A.実質的要件と形式的要件とが必要となる。実質的要件とは,婚姻意思の合致及び婚姻障害の不存在であり,形式的要件とは,戸籍法の定める婚姻届出をすることである。

婚姻の成立要件



婚姻(結婚)が成立するためには,大きく分けて2つの要件が必要となります。実質的要件形式的要件と呼ばれるものです。

実質的要件はさらに,積極的な要件として婚姻しようとする男女間の婚姻意思が合致していることと,消極的要件として婚姻の成立を妨げる婚姻障害事由が存在しないことの2つに分けられます。

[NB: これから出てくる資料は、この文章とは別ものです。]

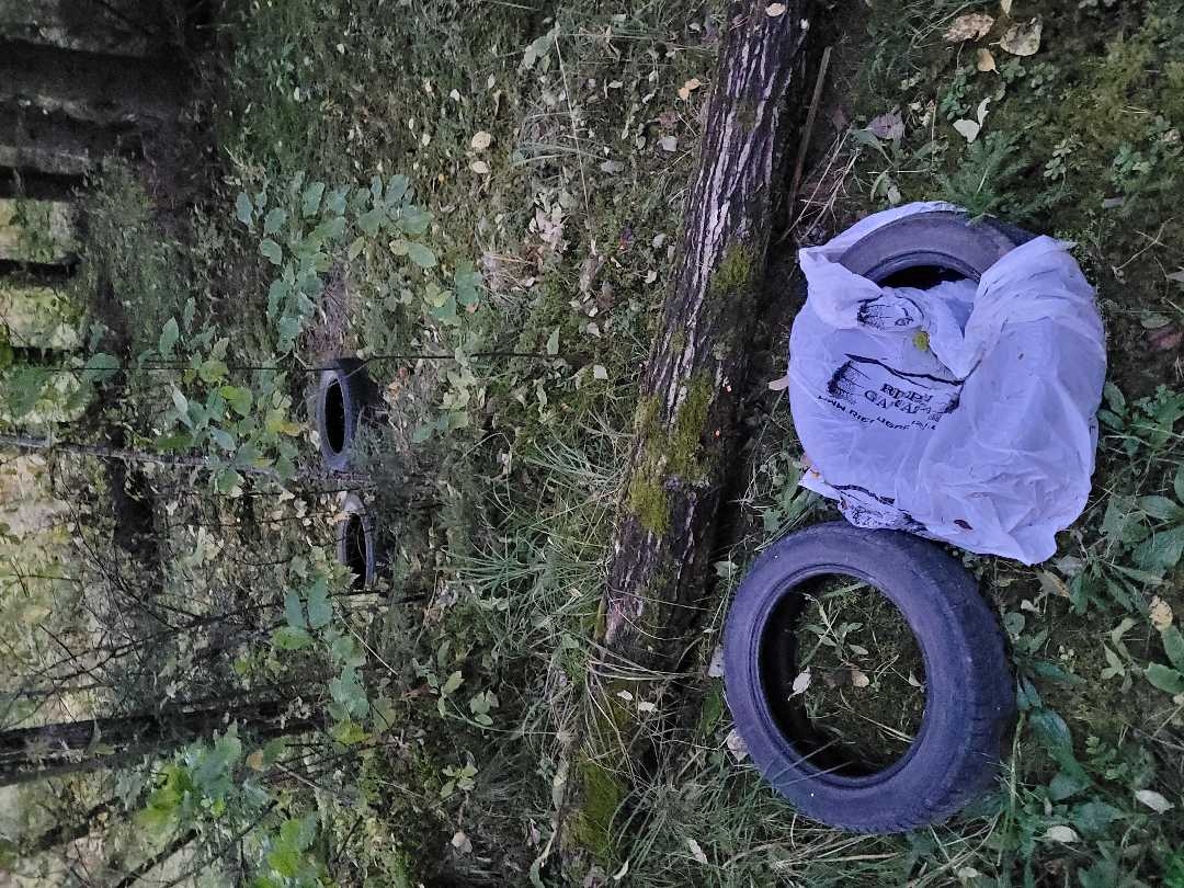Mežā, netālu no ceļa izmestas auto riepas un nenosakāmas izcelsmes atkritumi.

形式的要件とは,婚姻の手続的な要件です。つまり,戸籍法の定める婚姻届を届け出ることです。

実質的要件



上記のとおり,実質的要件には,婚姻意思の合致と婚姻障害の不存在とがあります。

婚姻意思とは,戸籍の届出(婚姻届出)をする意思(形式的意思)と夫婦として生活共同体を創設する意思(実質的意思)の両方を意味します。

つまり,婚姻成立には,婚姻しようとする男女の間で,上記の形式的意思と実質的意思の両方について合致がないといけないということです。

したがって,例えば,国籍取得のためだけに結婚しようとするような場合には,婚姻届をする意思があるとしても,夫婦関係を築こうという意思がないので,そのような婚姻は成立要件を満たさず無効ということになります。

婚姻障害事由とは,婚姻の成立を妨げる事情のことをいいます。例えば,年齢の問題(婚姻適齢),重婚,女性の再婚禁止期間,近親婚の禁止などが挙げられます。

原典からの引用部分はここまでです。